I find that Arwyn Williams’ approach of granting Schedule 10 accommodation should have been the approach from 27 May 2021, when the Parole Board said that the Claimant would be released on 28 June 2021.

228.

However, the same day the Defendant adopted a contradictory approach. Alice Rumley sent an email saying (Footnote: 227),

“Mr Jasseh is not eligible for S.10 OR S.95

He will need to appeal or re-apply for S.4

229.

On 16 August 2021 the Defendant finally granted accommodation under Schedule 10. The case notes say (Footnote: 228),

“The subject is not eligible for s4 accommodation as per the refusal decision dated 20 July 2021 and the appeal which was dismissed on 6 August 2021. However, as part of his release the Order states ‘or under any other statutory provision through which the Applicant is eligible for assistance in this regard’ for example paragraph 9 schedule 10.”

230.

On 20 August 2021 a request for accommodation under Schedule 10 was finally made (Footnote: 229).

231.

I find it of significance that the request for accommodation under Schedule 10 was made on 20 August 2021 and accommodation was found for the Claimant on 3 September 2021, 14 days later.

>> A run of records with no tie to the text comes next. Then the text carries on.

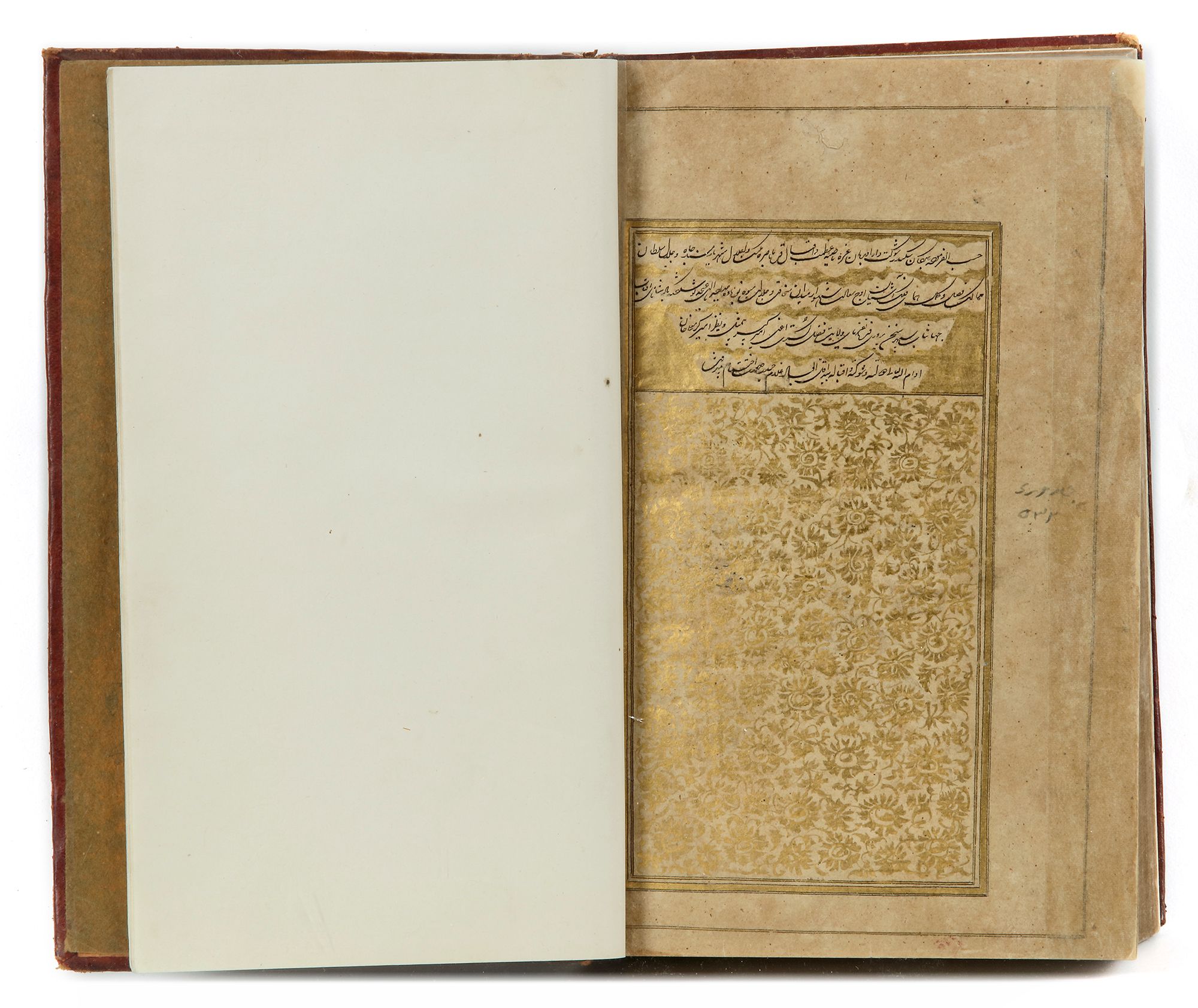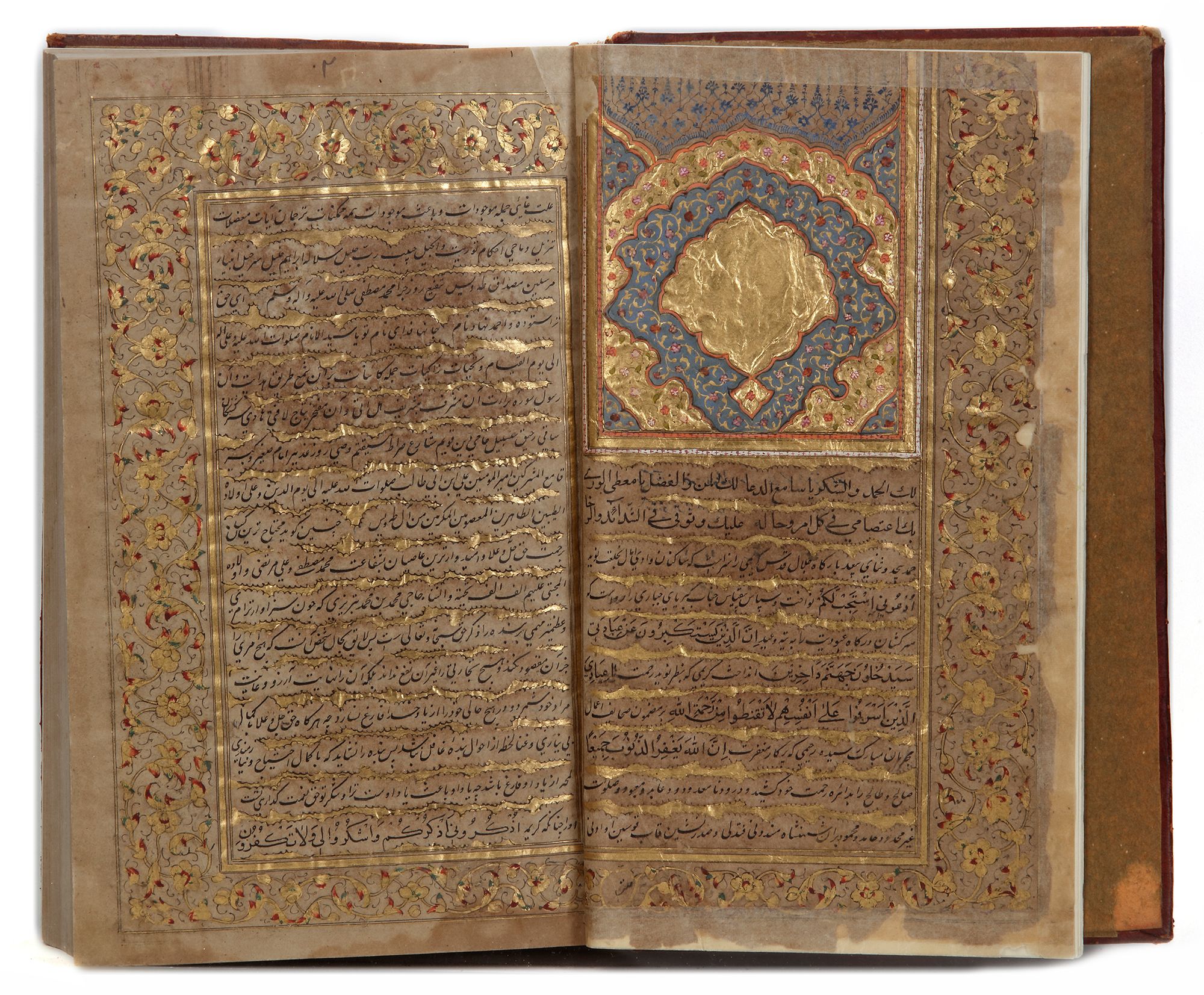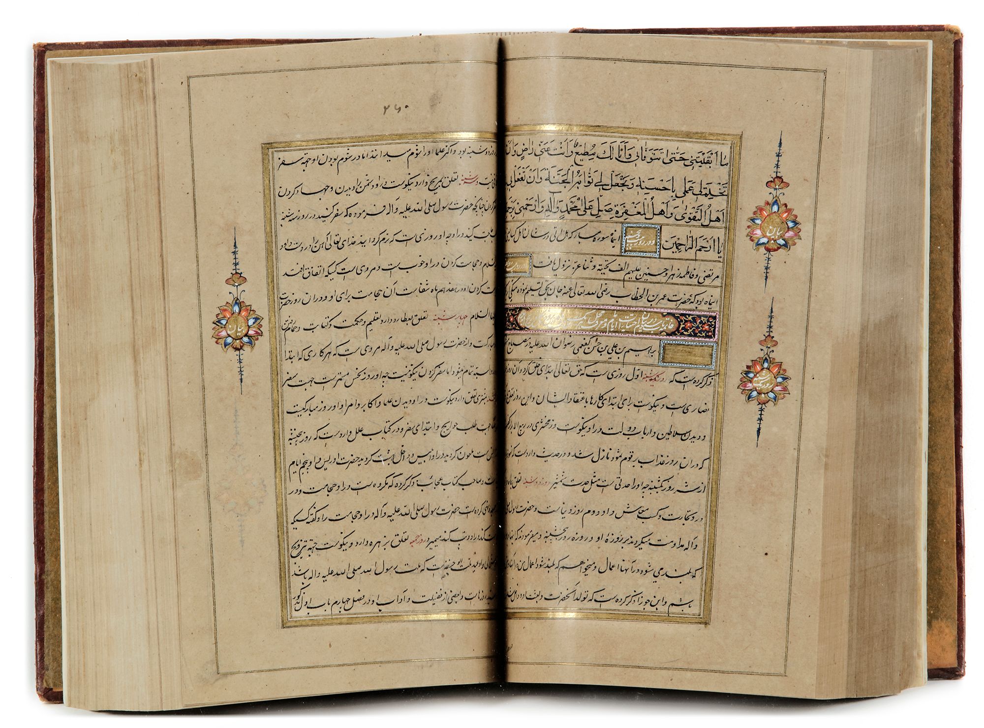 Arabic and Persian manuscript on paper, calligraphed in beautiful naskh and nastaliq black on seventeen lines per page, divided into several chapters including 'Maqam, Fazal and motalab' in Persian and Arabic, including Koranic extracts, recommended prayers and wise advice from the Imamite tradition. (Twelver Shiism). The manuscript opens with a beautiful double frontispiece richly illuminated, the subdivision titles are in white ink on a gold cartouche. Carrying in the last folio a dedication in chekasta for Gholam Haydari, probably the sponsor or a possessor of the book. Binding without flap in red morocco. 24.5 by 14 cm.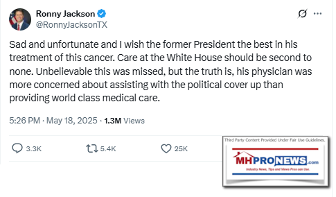 “Sad and unfortunate and I wish the former president the best in his treatment of this cancer,” Jackson posted on X. “Care at the White House should be second to none.”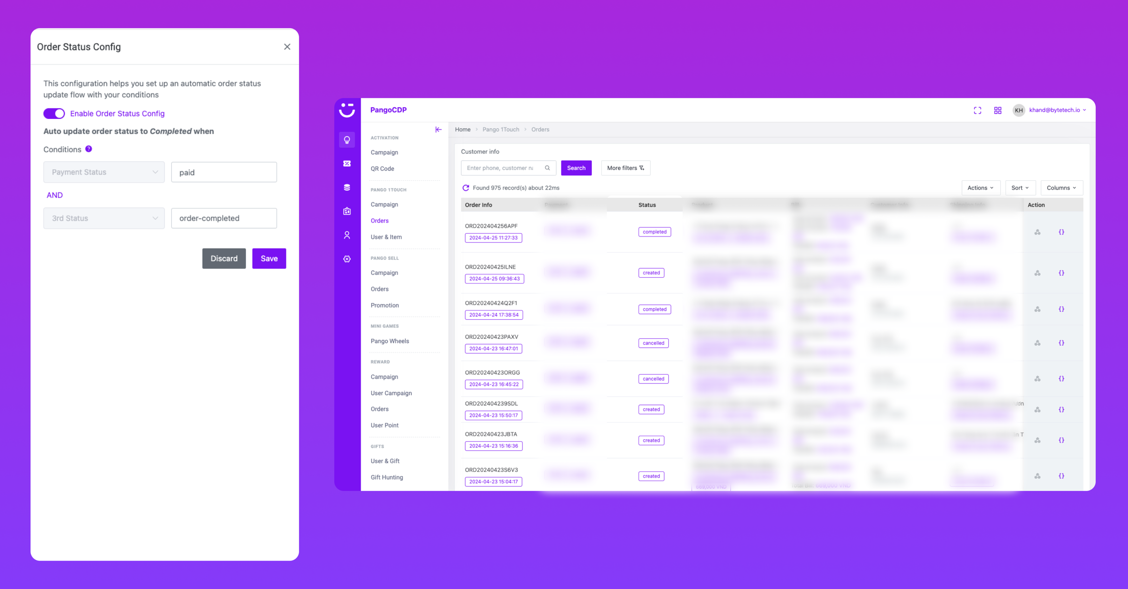Cấu hình cho phép tự động cập nhật trạng thái đơn hàng của Pango 1Touch sang "Complete" (hoàn thành đơn hàng).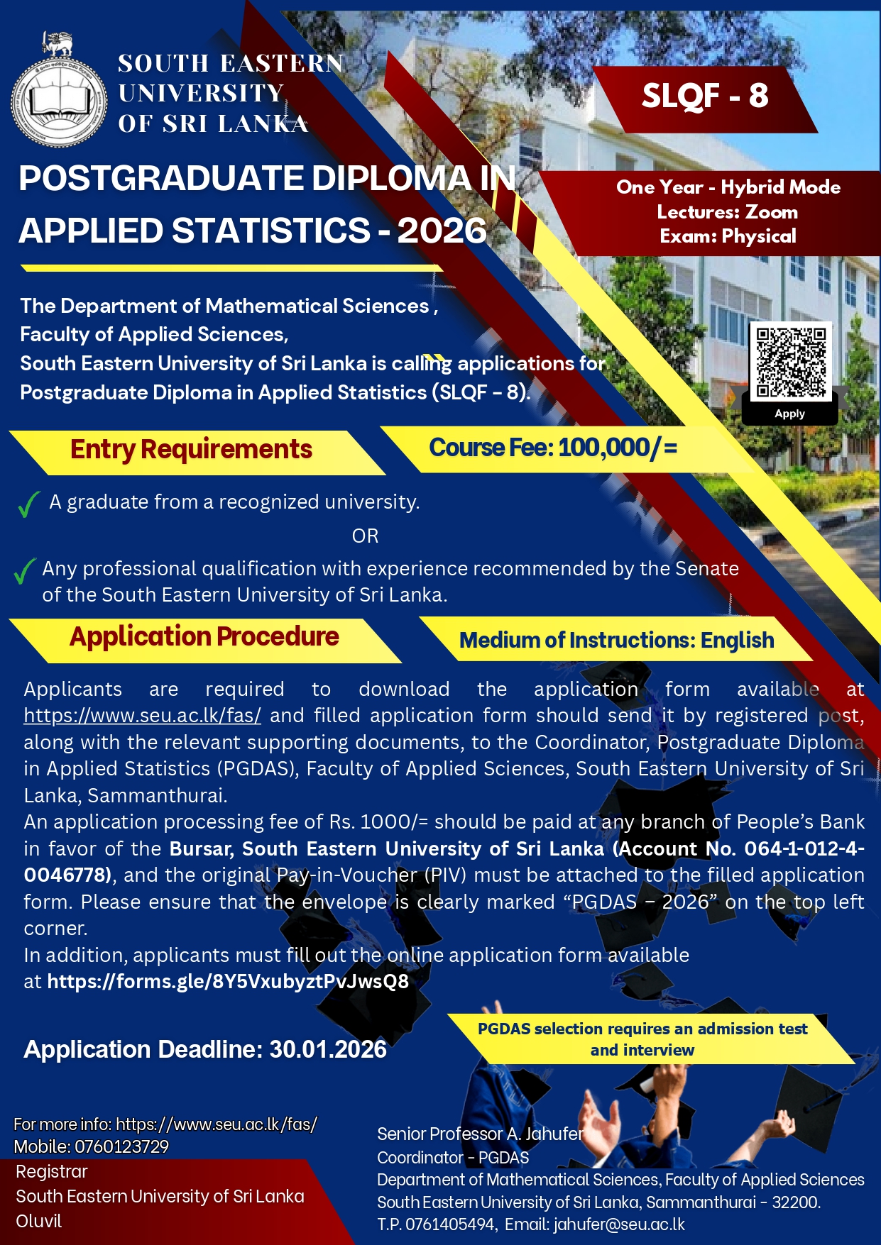 The Postgraduate Unit of FAS, SEUSL is one of the key Functional Units of FAS, which reviews and regulate matters relating to postgraduate study programs. It deals with selection of candidates, admission and progress monitoring of the registered students.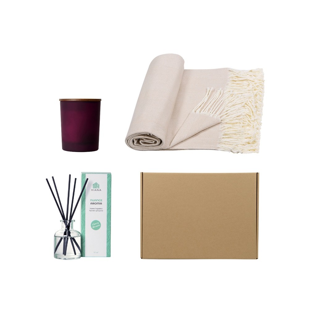 • Подарочный набор с пледом, свечой и диффузором, бежевый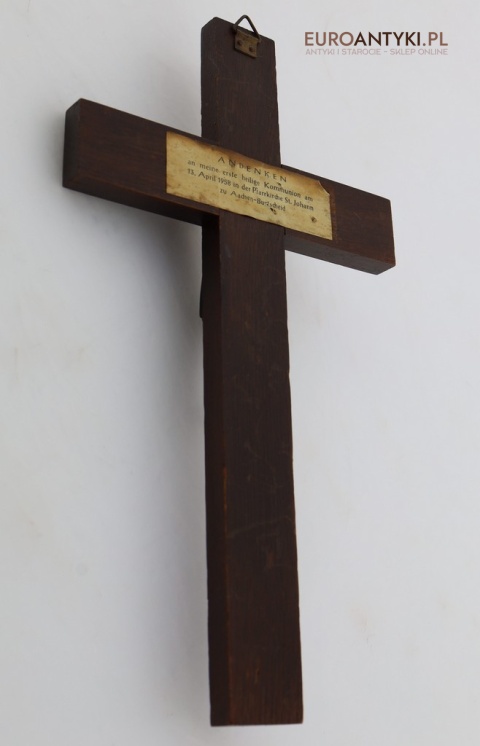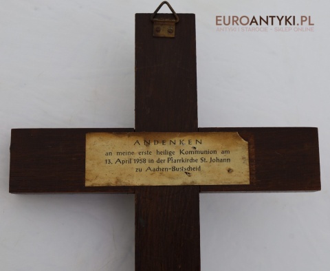 Z tyłu krzyża znajduje się specjalna pamiątkowa kartka z tekstem po niemiecku:

This was seven months after the Defendant was placed on notice of the need for accommodation, three months after the grant of parole and two months after detention had begun.

232.

I conclude that the Claimant is entitled to aggravated damages for his unlawful detention between 28 June 2021 and 15 September 2021 because of the Defendant’s highhanded and obstructive attitude to sourcing accommodation, which was required for his release.

Exemplary damages

233.

The Claimant does not pursue a claim for exemplary damages.

Summary of findings

234.

I find that applying the Hardial Singh principles:

i)

The Claimant was unlawfully detained between 30 January 2020 and 3 August 2020 (187 days).

ii)

The Claimant was wrongly detained between 28 June 2021 and 15 September 2021 (80 days).

iii)

The Claimant is entitled to substantial compensatory damages in respect of i) and ii) above.

235.

I find that the Claimant is entitled to aggravated damages for the period between 28 June 2021 and 15 September 2021.